**The task:** Transcribe these records exactly, dropping every picture.

(Records from a collection)
Segment Open

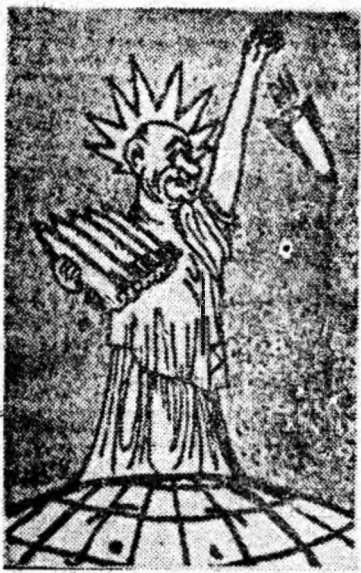
Cum vede ziarul grec „Io Vima”, statuia libertății

opinie publice americane, în vederea găsirii unui candidat pentru „Casa Albă” din Saigon. În ultimii doi ani, Statele Unite au promis să aducă în Vietnamul de sud o „conducere” civilă. Cu toate acestea, zările americane menționează că pentru continuarea războiului la Saigon trebuie ales ca președinte un militar. Corespondentul din Saigon al ziarului „Washington Post” anunță că săptămîna aceasta un număr de zece generali din junta militară de la Saigon au început deja consultările, în vederea stabilirii unui candidat militar la postul de președinte. Observatorii politici americani sînt de părere că principalii candidați sînt: actualul premier, generalul Ky, și șeful statului, Nguyen Van Thieu. Dar orice ar hotărî junta militară, ultimul cuvînt îl are Washingtonul. Ziarul „Washington Post”, citind surse oficiale de la Saigon, scrie că părerea americanilor va precumpani în alegerea candidatului. Astfel, viitorul „ales” în postul de președinte al Vietnamului de sud va fi din nou un om al Statelor Unite care să rămînă obligat guvernului american.
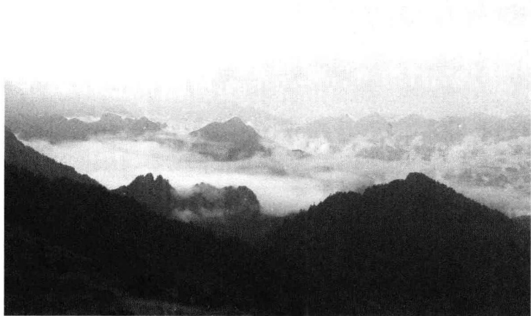
曾经是一片古海的神农架

神农架位于湖北省西部边陲,东与湖北省保康县接壤,西与重庆市巫山县毗邻,南依兴山、巴东,紧靠三峡,北倚房县、竹山,邻近武当,地跨东经 109^{\circ}56' — 110^{\circ}58' ,北纬 31^{\circ}15' — 31^{\circ}75' ,总面积3253平方公里,为长江、汉江分水岭上特色独具的一片生态宝地。
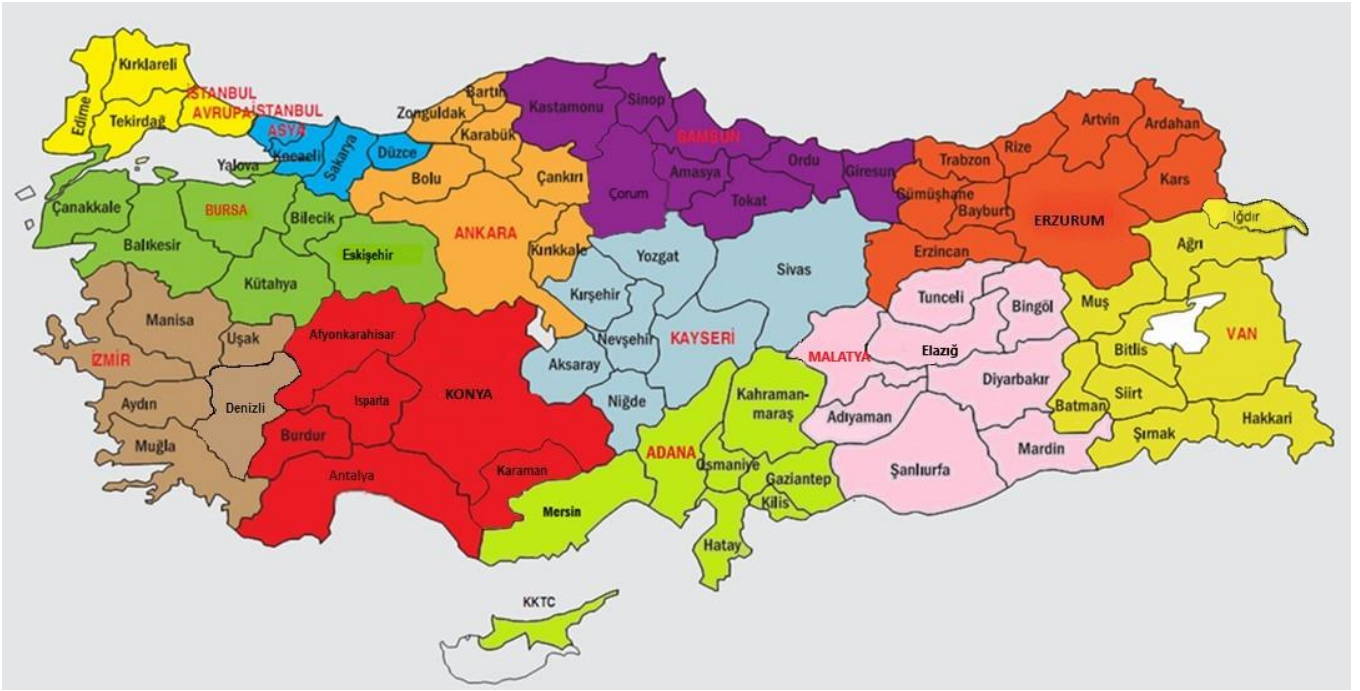
Şekil 1. Yarışma Bölgeleri Haritası

Bu yarışma Türkiye genelinde 12 bölgede yapılmaktadır. Her bölge için bir il, merkez olarak seçilmiştir. Her bölgeye il merkezinden iki öğretim üyesi, TÜBİTAK tarafından yarışmalardan sorumlu Bölge Koordinatörü ve Bölge Koordinatör Yardımcısı görevlendirilir. Adana, Ankara, Bursa, Erzurum, Konya, İstanbul Asya, İstanbul Avrupa, İzmir, Kayseri, Malatya, Samsun ve Van bölge merkezi illerdir. İllerin bölgelere dağılımları Şekil 1'de verilmiştir.

Segment Closed

**Solution to the exercise:**
Cum vede ziarul grec „Io Vima”, statuia libertății

opinie publice americane, în vederea găsirii unui candidat pentru „Casa Albă” din Saigon. În ultimii doi ani, Statele Unite au promis să aducă în Vietnamul de sud o „conducere” civilă. Cu toate acestea, zările americane menționează că pentru continuarea războiului la Saigon trebuie ales ca președinte un militar. Corespondentul din Saigon al ziarului „Washington Post” anunță că săptămîna aceasta un număr de zece generali din junta militară de la Saigon au început deja consultările, în vederea stabilirii unui candidat militar la postul de președinte. Observatorii politici americani sînt de părere că principalii candidați sînt: actualul premier, generalul Ky, și șeful statului, Nguyen Van Thieu. Dar orice ar hotărî junta militară, ultimul cuvînt îl are Washingtonul. Ziarul „Washington Post”, citind surse oficiale de la Saigon, scrie că părerea americanilor va precumpani în alegerea candidatului. Astfel, viitorul „ales” în postul de președinte al Vietnamului de sud va fi din nou un om al Statelor Unite care să rămînă obligat guvernului american.
曾经是一片古海的神农架

神农架位于湖北省西部边陲,东与湖北省保康县接壤,西与重庆市巫山县毗邻,南依兴山、巴东,紧靠三峡,北倚房县、竹山,邻近武当,地跨东经 109^{\circ}56' — 110^{\circ}58' ,北纬 31^{\circ}15' — 31^{\circ}75' ,总面积3253平方公里,为长江、汉江分水岭上特色独具的一片生态宝地。
Şekil 1. Yarışma Bölgeleri Haritası

Bu yarışma Türkiye genelinde 12 bölgede yapılmaktadır. Her bölge için bir il, merkez olarak seçilmiştir. Her bölgeye il merkezinden iki öğretim üyesi, TÜBİTAK tarafından yarışmalardan sorumlu Bölge Koordinatörü ve Bölge Koordinatör Yardımcısı görevlendirilir. Adana, Ankara, Bursa, Erzurum, Konya, İstanbul Asya, İstanbul Avrupa, İzmir, Kayseri, Malatya, Samsun ve Van bölge merkezi illerdir. İllerin bölgelere dağılımları Şekil 1'de verilmiştir.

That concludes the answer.